Еще мечтал я о том, как заберу, мать, отца и сестренку к себе, и будем мы жить вместе в квартире, которую мне дадут в Н-ском гарнизоне.
Ничего этого уже не будет. После бомбардировки от нашей школы остались одни развалины. Мама с сестренкой провожали меня на вокзал, когда я уезжал. Отец рыл окопы где-то в прифронтовой полосе. На третий день пребывания в училище я послал домой письмо, в котором сильно приукрасил свою новую жизнь. Ответа не получил. Я писал часто, дал две телеграммы — никакого ответа. Ребята сказали: "Твой город давно взят немцами, что ты пишешь на деревню дедушке?!" Я ухватился за мысль: отец и мать, учителя, должны быть эвакуированы вместе со школой, и сестричка — тоже. Но прошло несколько месяцев, а они не подали о себе весточки. Адрес училища им известен. Из любого места эвакуации мама бы написала мне. Значит, они остались в захваченном немцами городе. Думать об этом очень больно. Что с ними? Я стоял на посту около молчаливых смертельных болванок. Вдалеке едва виднелась и глухо шумела темная масса. Это топтали снег на рабочем поле аэродрома. Все курсанты училища, все воинские подразделения гарнизона участвовали в изнурительной работе: шли шеренгами по сто человек, взявшись под руки. Туда-сюда, туда-сюда. К рассвету надо вытоптать полосу, чтобы дальние бомбардировщики могли взлететь. Примитивная снегоочистительная техника, имевшаяся на аэродроме, не справлялась с работой.
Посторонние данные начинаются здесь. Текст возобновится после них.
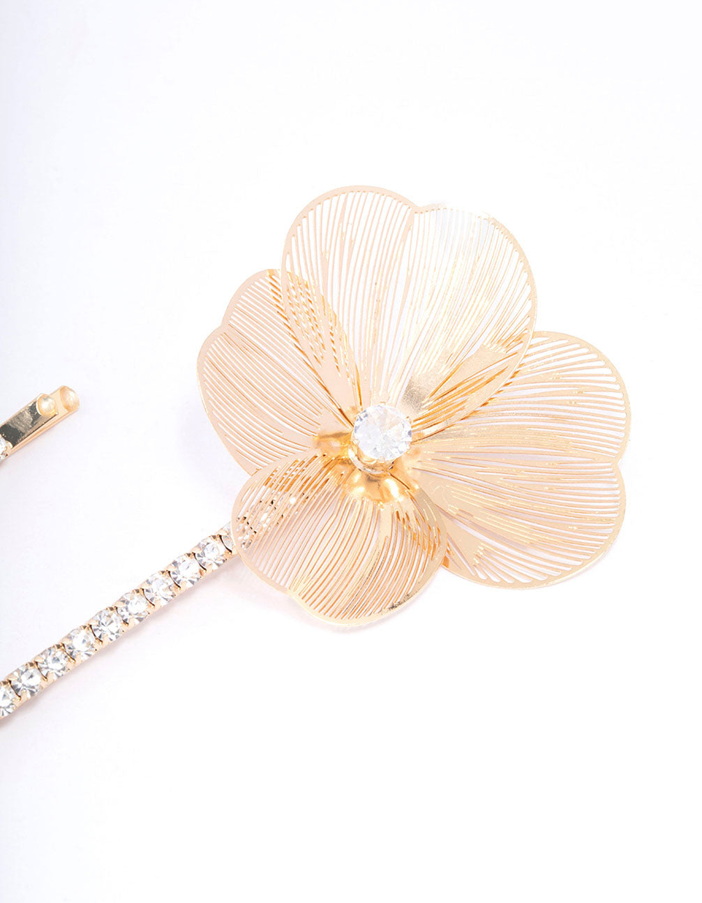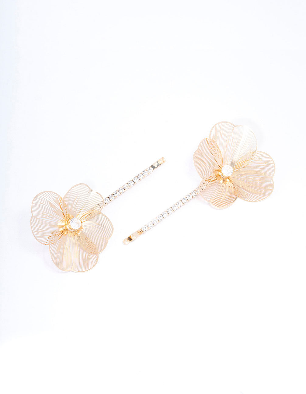 - This Gold Flower & Diamante Hair Clips 2-Pack includes two hair clips adorned with floral motifs and delicate diamantes, perfect for adding a luxe finish to your hairstyle.
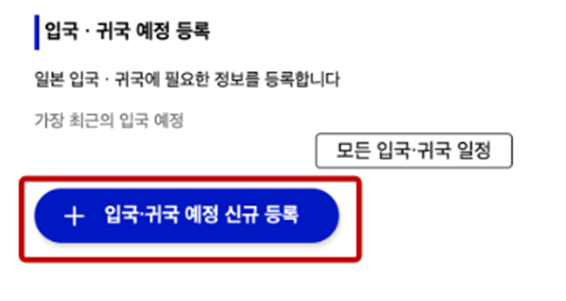 - 입국/귀국예정 등록을 클릭해 주세요.
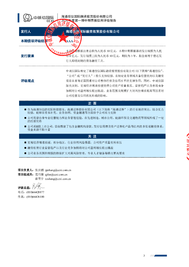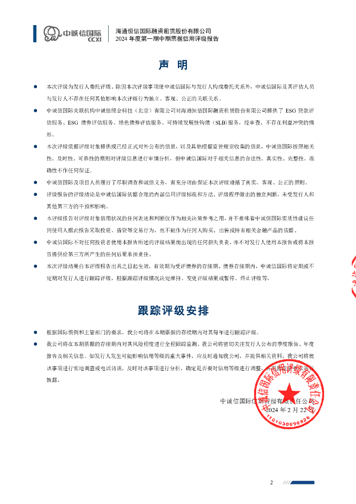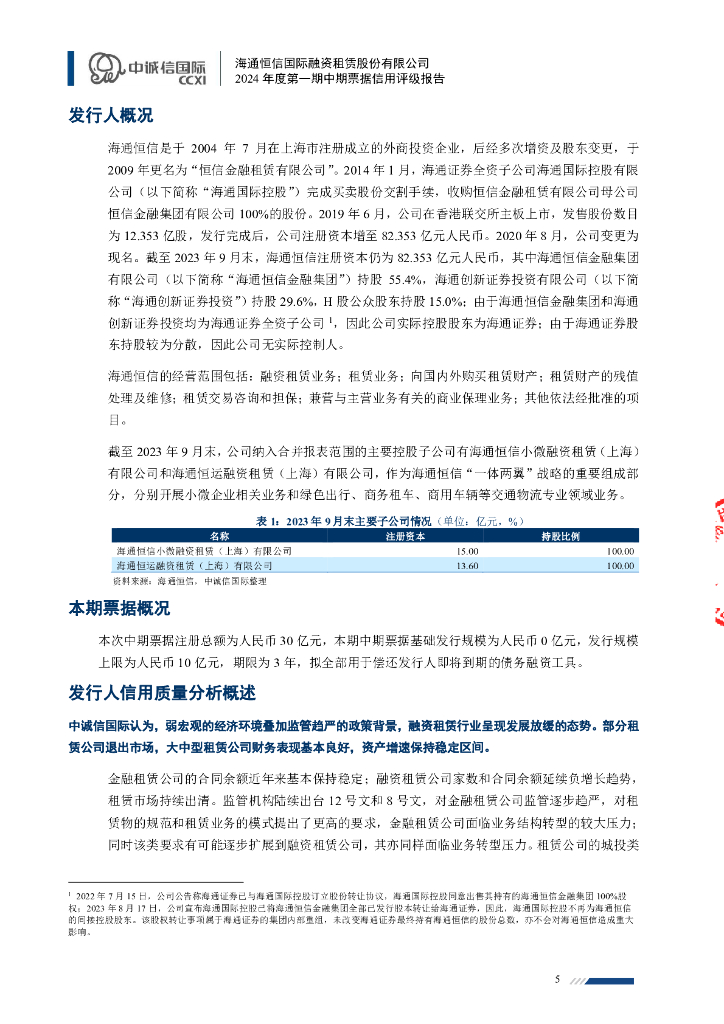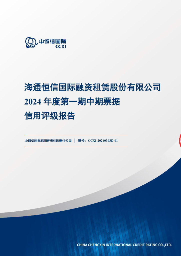 中诚信:海通恒信国际融资租赁股份有限公司2024年度第一期中期票据信用评级报告.pdf
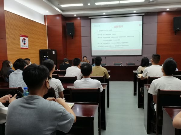 为确保迎新工作顺利开展,8月25日,学院在翡翠科教楼第五会议室开展2021级本科生迎新志愿者培训会。会上,院团委副书记、2020级辅导员房虹姣对学院迎新志愿者工作进行了布置,强调了迎新制度要求,说明了相关注意事项,她强调,学院迎新工作需要严格执行学校疫情防控相关要求,确保同学们的健康安全,鼓励志愿者在服务中尽职尽责,热情大方,充分展现化工学子的精神风貌。会后,全体迎新志愿者分工协作,完成了新生报到材料领取、采购、分装,迎新现场布置、迎新文化产品制作发布等工作。
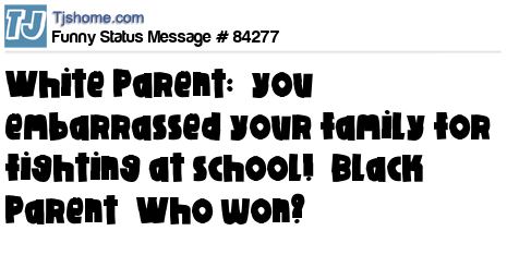 X is White Parent: “you embarrassed your family for fighting at school!” Black Parent “Who won?”
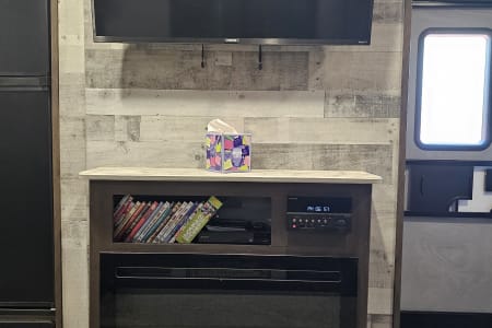 * Indoor entertainment center: Bluetooth stereo, 32” TV, and fireplace

С окраины аэродрома то и дело уходили в небо стремительные огненные трассы: воздушные стрелки-радисты проверяли бортовые пулеметы.
Ветер со стороны принес неуловимые, до боли знакомые запахи дыма и талого снега. Вслед за тем замелькали в сознании милые образы. Будто только что выпавший снег осел, набух влагой, будто слепленные из него тугие комья летят тебе в спину, слышится — нет, угадывается — звонкий смех на школьном дворе. Вдруг все умолкло, спугнутое трелью звонка.
Он прозвучал тихим эхом в моих ушах.
Тогда-то полились слезы.
Десять лет человек проучился в школе и ни разу не задумался о том, что такое в его жизни школа. Что это самое прекрасное, бесконечно дорогое. Все торопился из класса в класс, нетерпеливо ожидая каждый год каникул.
Вахта часового у бомбосклада длилась четыре долгих часа. Под утро меня сменили.
Шли гуськом в караульное помещение.
Людей с аэродрома уже увели. Взревели моторы: бомбардировщик пошел на взлет. Он напоминал горбатого зубра, увязающего в снегу, но спешащего вперед с боевым кличем. Гудел, гудел, натужился из последних сил, но так и не оторвался от земли. Пилот убрал газ, но сделал это уже поздно, и машина тяжело ткнулась носом в капонир.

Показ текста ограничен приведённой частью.